Friday, October 13, 2017

Time FLIES! Update to my life

 Welcome to Fall 2017!  WOW WOW WOW That's all I can say when I read my old blog entries. SO much has changed since then.  At the same time something has remained the same.....I'm STILL trying to lose weight.. Why the fuck does it always have to be a battle...damn..    Well I have just committed to a low carb high fat journey.   Some new and amazing and not so amazing updates to my life...
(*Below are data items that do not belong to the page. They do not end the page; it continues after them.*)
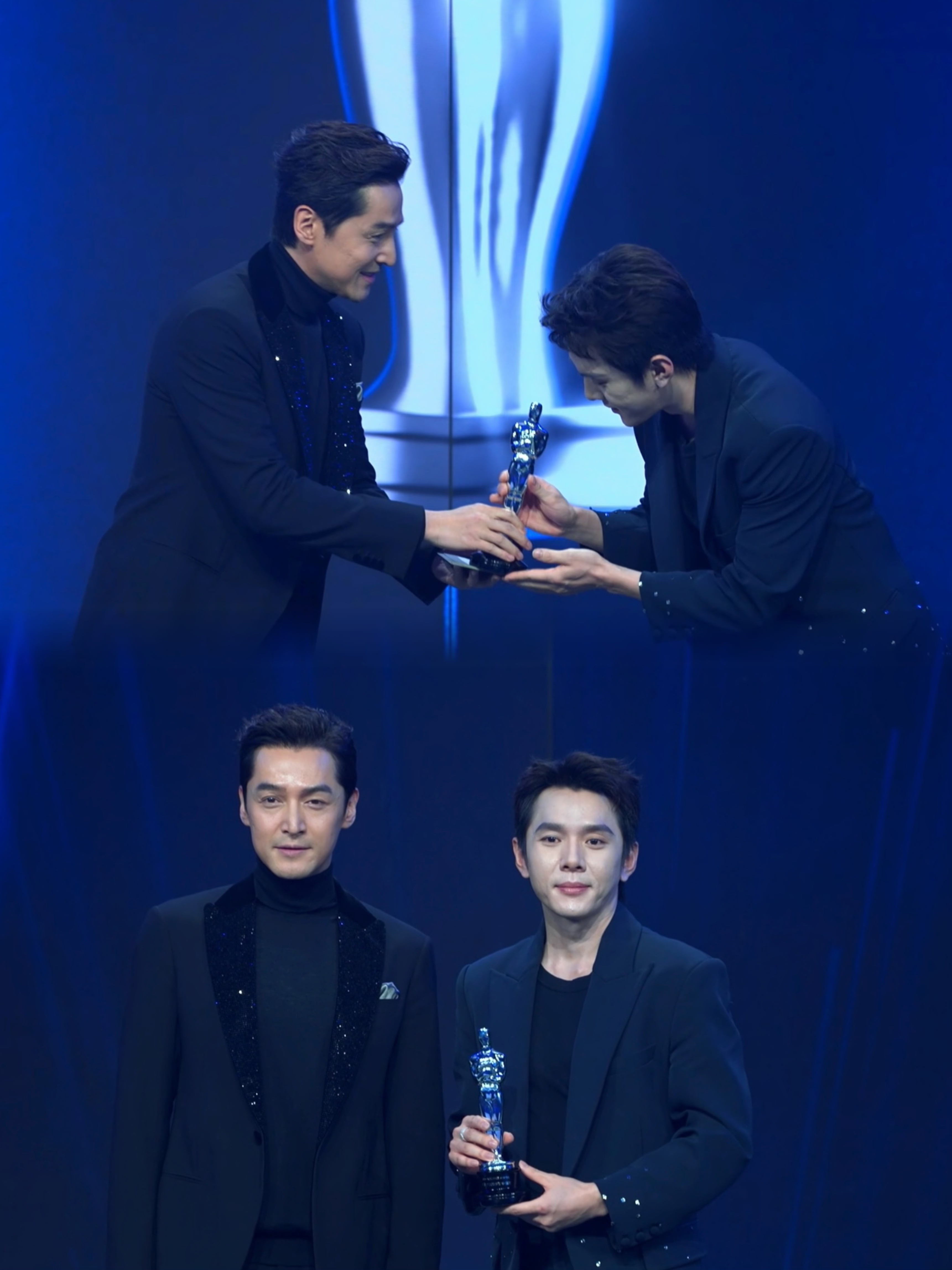 胡歌生图即神图 活动现场的暖心一幕!胡歌身着黑色西装,为李佳琦颁奖时姿态谦和,双手递过奖杯,笑容真诚。李佳琦坦言视胡歌为专业偶像,两人在台上的交流充满了尊重与欣赏,这波互动太有意义了。
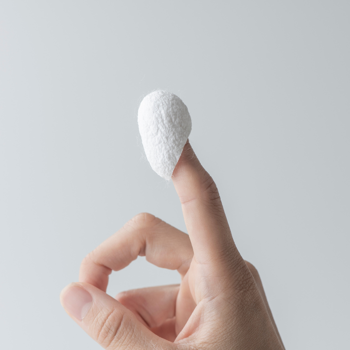 お湯でシルクボールをほぐし、柔らかくすることにより、繭玉が持つ天然由来の繊維成分「フィブロイン」が極細ブラシのように毛穴に詰まっている汚れや角質を綺麗に除去してくれます。さらに、ココン・ラボのシルクボールには天然の保湿成分である「セリン」がたっぷり。みずみずしくしっとりと保湿されたお肌に導いてくれます。
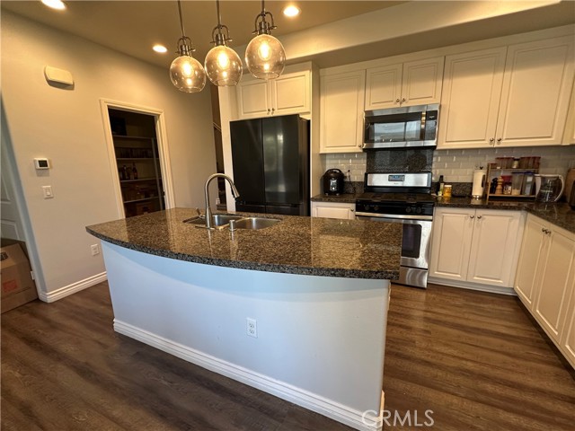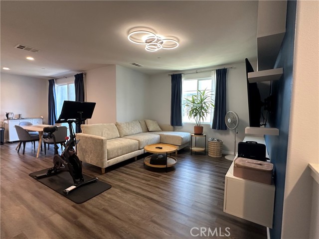 Welcome to this beautiful 3-bedroom, 3-bathroom townhome in the Orchards Community in Upland! This multi-level property features modern amenities, comfortable living spaces, and thoughtful upgrades throughout. The spacious kitchen features pendant lights above the island with granite countertops and stainless steel appliances. A generous walk-in pantry provides ample storage for all your kitchen essentials. The open-concept living area is bright and inviting, highlighted by a 5-ring LED ceiling light with remote control. Each bedroom features a retractable ceiling fan with built-in lighting, all remote-operated. The primary bedroom and a second-floor bedroom both offer walk-in closets. All three bathrooms feature tubs with waterproof, machine-washable shower liners. Central heating and air conditioning ensure year-round comfort. A private balcony offers the perfect spot for relaxation. The two-car garage is a standout feature, complete with built-in cabinetry for organized storage, a whole-home water conditioning system, and a Level 2 EV charger — ideal for electric vehicle owners. Conveniently located near Upland's vibrant downtown with restaurants, shops, freeway access, and the Metrolink station. Community amenities include pools, outdoor BBQ, clubhouse, kids' playground, and ample guest parking. An exceptional opportunity to own in one of Upland's most sought-after communities.
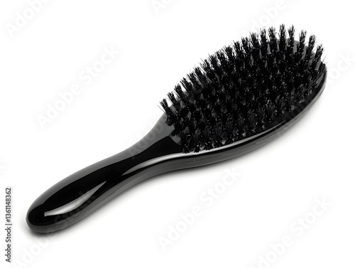 Sleek Black Hairbrush with Sharp Bristles on Crisp White Background
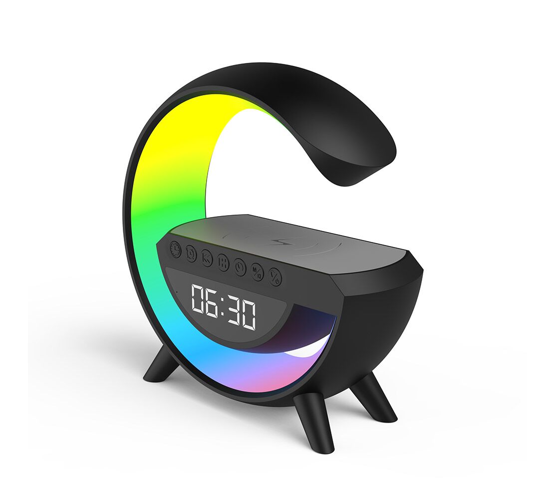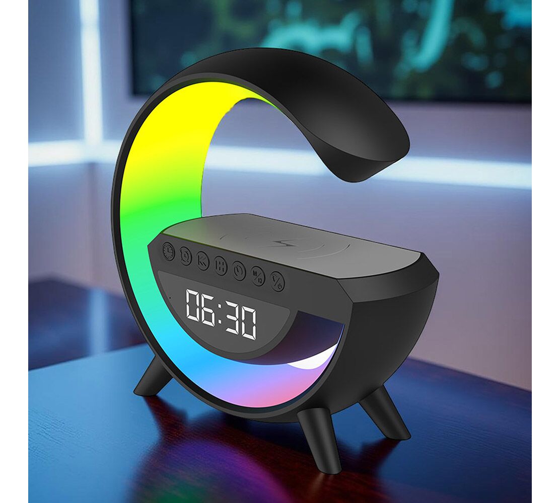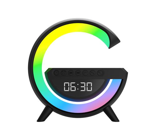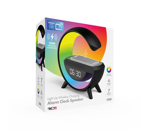 Αναδείξτε το κομοδίνο ή το γραφείο σας με αυτό το σύγχρονο gadget που συνδυάζει ξυπνητήρι, ηχείο Bluetooth, ασύρματη φόρτιση και φωτισμό ατμόσφαιρας σε ένα Συνδυάζει ηχείο, ασύρματη φόρτιση, ρολόι, ξυπνητήρι και RGB φωτισμό.  Με τεχνολογία Bluetooth, μπορείτε να συνδέσετε εύκολα το smartphone, το tablet ή το φορητό σας υπολογιστή για να απολαύσετε τις αγαπημένες σας μελωδίες με εκπληκτική καθαρότητα. Διαθέτει ψηφιακό ρολόι και λειτουργία ξυπνητηριού, η οθόνη LED διευκολύνει τον έλεγχο της ώρας με μια ματιά, ενω διαθέτει  μια βολική επιφάνεια ασύρματης φόρτισης, συμβατή με όλες τις συσκευές Qi. Ξεχωρίζει γιατί διαθέτει:
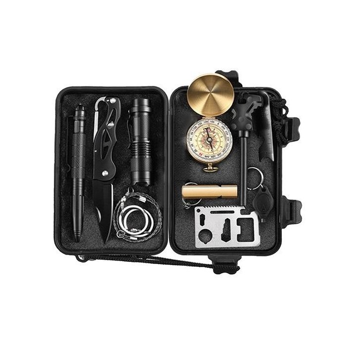 Kit de Sobrevivência para Atividades Camping Selva Ferramentas Brillante Torcia Led Tz-1 Preto
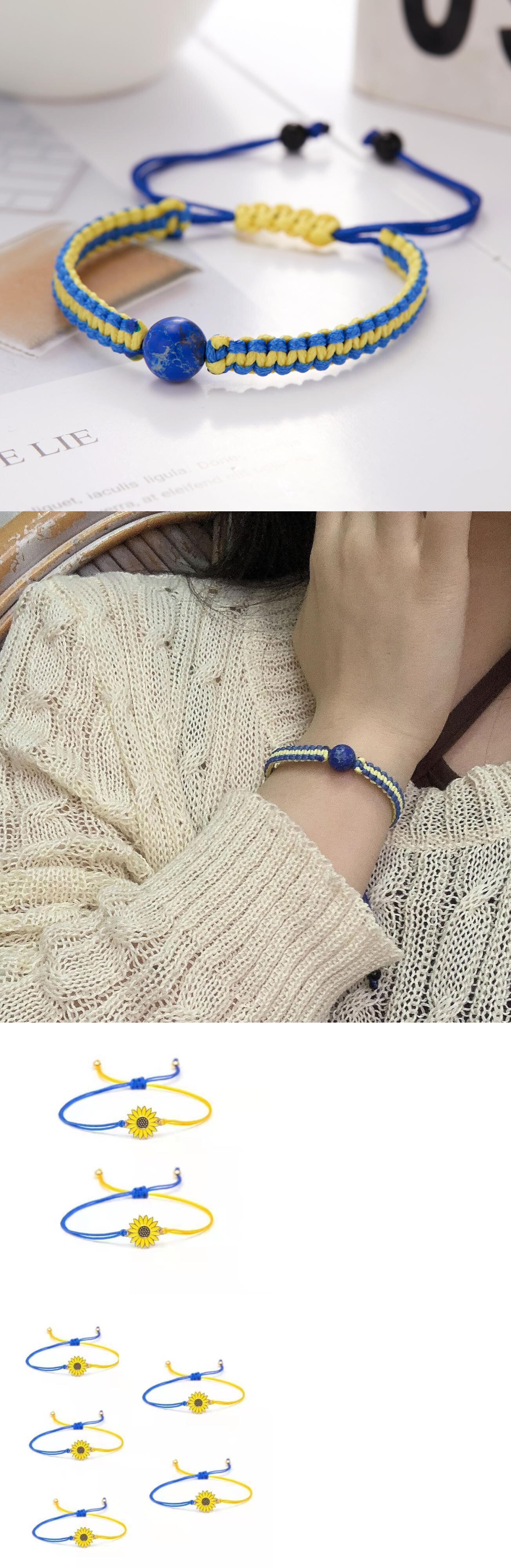 送料無料 デイジーフラワーブレスレットウクライナ旗手織りロープチャームブレスレット女性男性カップルジュエリー旅行パーティーギフト フラワーデザイン アクセサリー AE1777726567336492
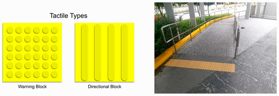 An approved pavement material is usually safe from skids and falls when it is in a dry and clean condition. However, when it is wet or lubricated, the effect of hydroplaning or aquaplaning (loss of traction when a layer of water builds up between the sole of the footwear and the surface of the pavement) may take place. The friction between the sole of the footwear and the pavement surface depends on the ability of the sole’s grooves to disperse water beneath. Hydroplaning or aquaplaning occurs when the sole of the footwear encounters more water than it can dissipate, in which case, this can lead to a slip and fall. Tactile ground surface indicators were devised in Japan in 1965 to facilitate the safe movement of people with impaired vision. It has been widely accepted and used globally since then. The two types of tactile indicators found in practice are (a) warning blocks that indicate the location of hazards, and (b) directional blocks that indicate the direction of travel (
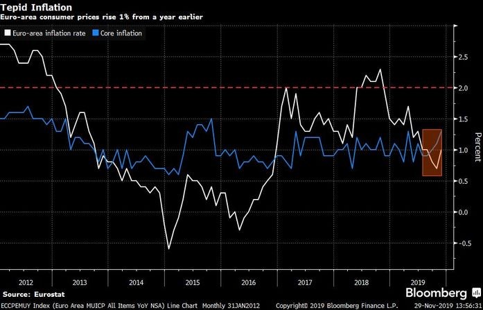 Avro Bölgəsində inflyasiya Oktyabrdakı 0.7%-dən Noyabrda 1%-ə yüksəlib. Proqnoz 0.9% idi.
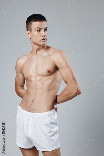 a man in white shorts holds his hands behind his back a look to the side inflated torso workout
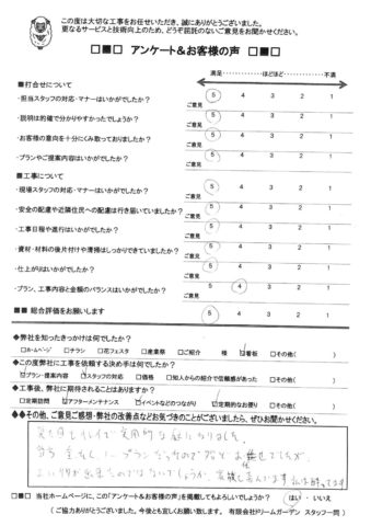 この度は、素敵な庭にリフォームして頂きまして、どうもありがとうございました。手間を惜しまず、とても丁寧な作業に信頼と安心感を抱きました。そして、庭が完成した後も「これからが本当の付き合いです」と仰って頂き、大変嬉しく思いました。新しい庭...
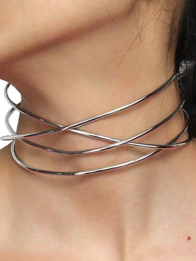 銀色合金扭矩項鍊女士時尚幾何項圈Choker項鍊新款 - 銀色 - 查看 1
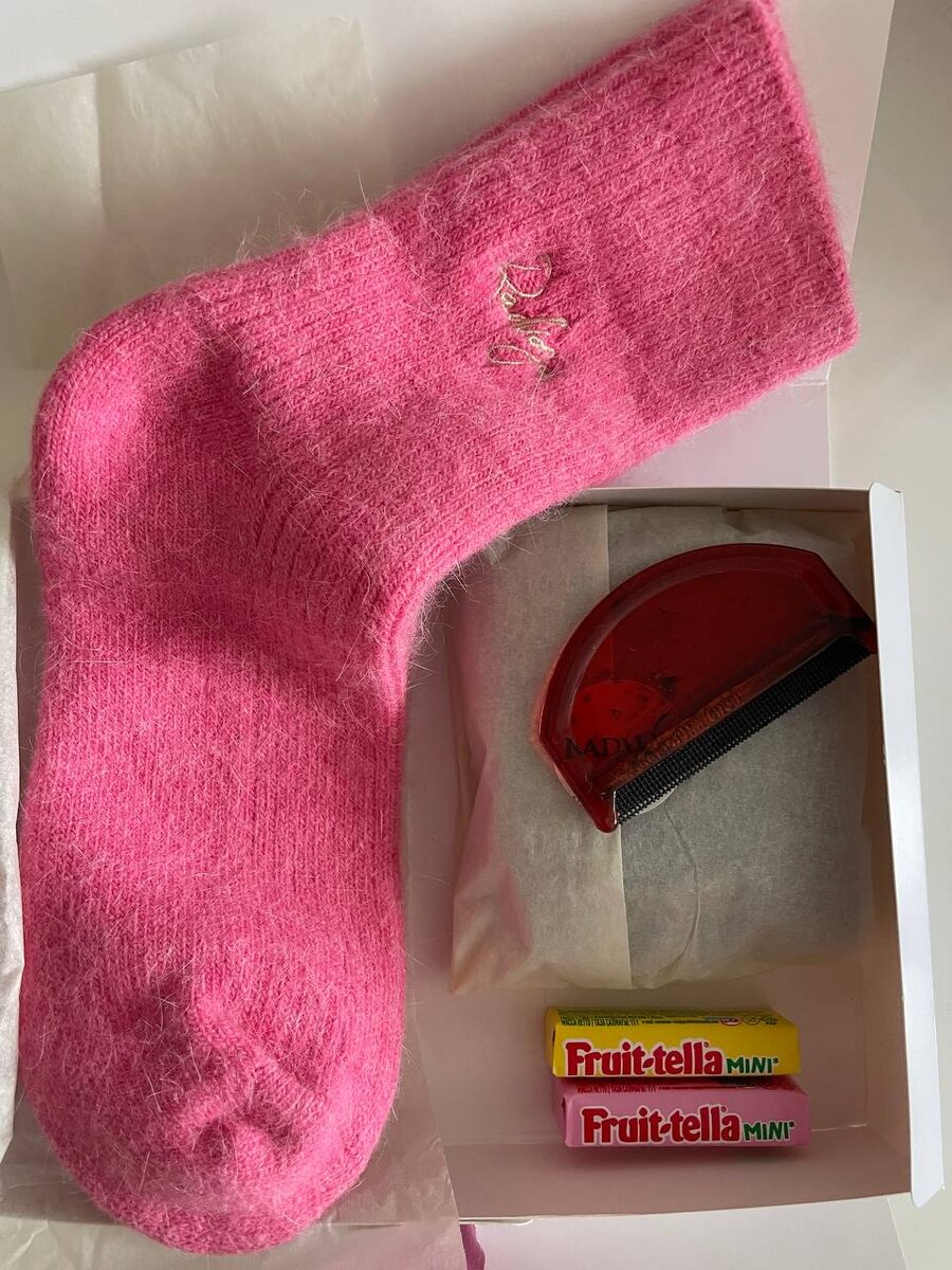 ? Обнаружила в коробке вместе с носочками Radvga щеточку для кашемира и Fruittella. Вспомнила (и нашла фото), что несколько лет назад заказ от бренда приехал вместе с чупа чупсами. Цена вопроса - 100 рублей, но, согласитесь, настроение от посылки совсем другое. Это просто мило! Знаю, что Pitkina тоже кладут вместе со свитером щетку для ухода. Еще вот недавно нашла в посылке от Pompa портновский брендированный сантиметр. В хозяйстве пригодится) Очень интересно, а кто-то еще из наших брендов подкидывает сюрпризы в заказы? Делитесь в комментариях. Вишлист
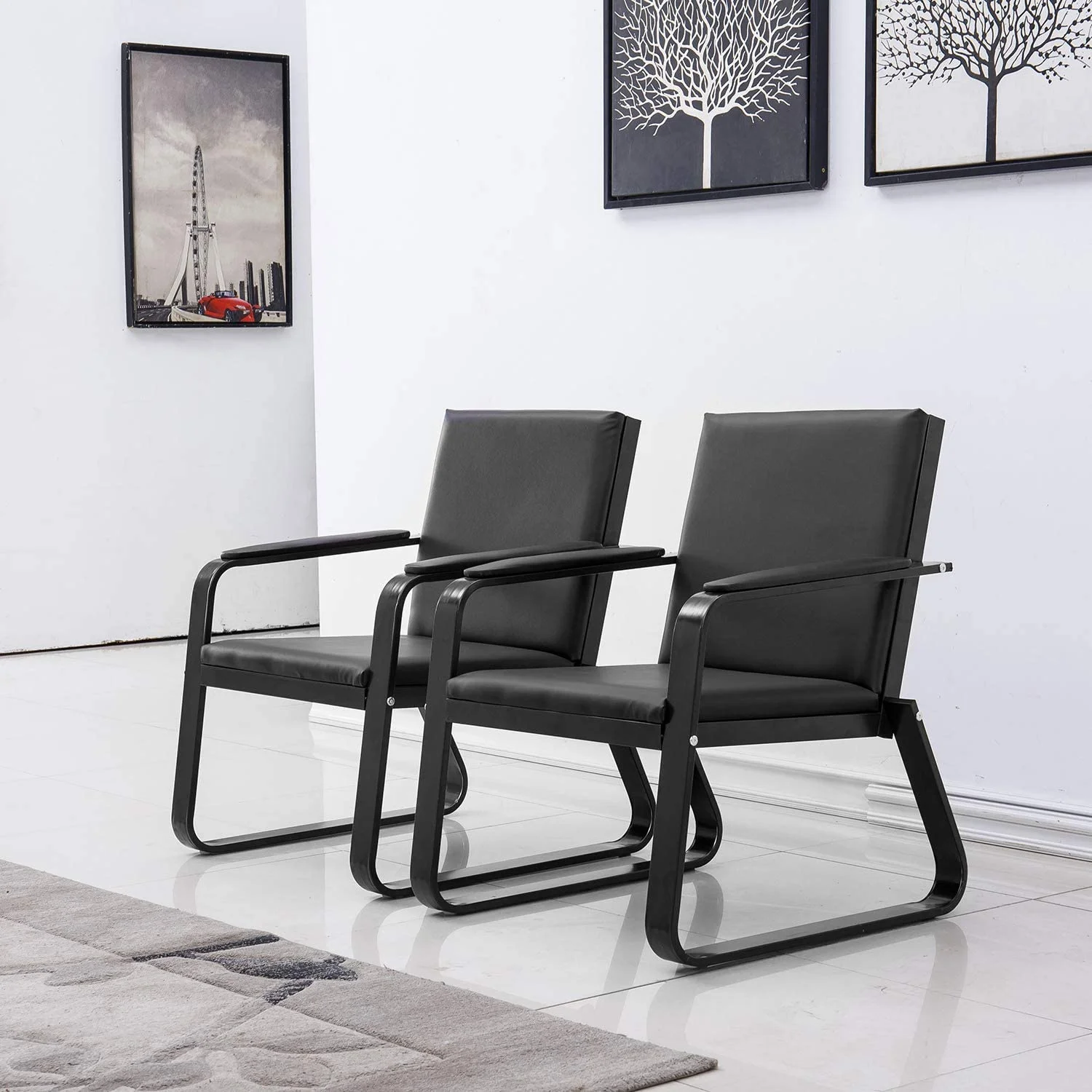 2Pcs Black PU Leather Office Reception Chair Waiting Room Visitor Guest Sofa Seat

My dad passed away February 26, 2015 from Parkinson's Disease.  Still don't believe it.  Death of a parent...its so.....raw.  Its like getting a gut punch everytime I think about the fact my dad is dead.  Hes gone.. I'll never be able to see him, touch him, hug him......I find myself wanting to call him some days.   Time has helped but it doesn't let me forget.  I struggle with the fact my kids don't and wont ever know their grandpa.  My God , my dad would have just loved them.. I just know it.  My son was born 14 months ago.  I see SO much of my dad in him.  I wish they could have talked about tractors or cars and shared candy bars.  My dad would buy him a lottery ticket and have his grandson scratch it for him and read the numbers.  Then complain that the tickets are tight and no one wins and they will get it next time!  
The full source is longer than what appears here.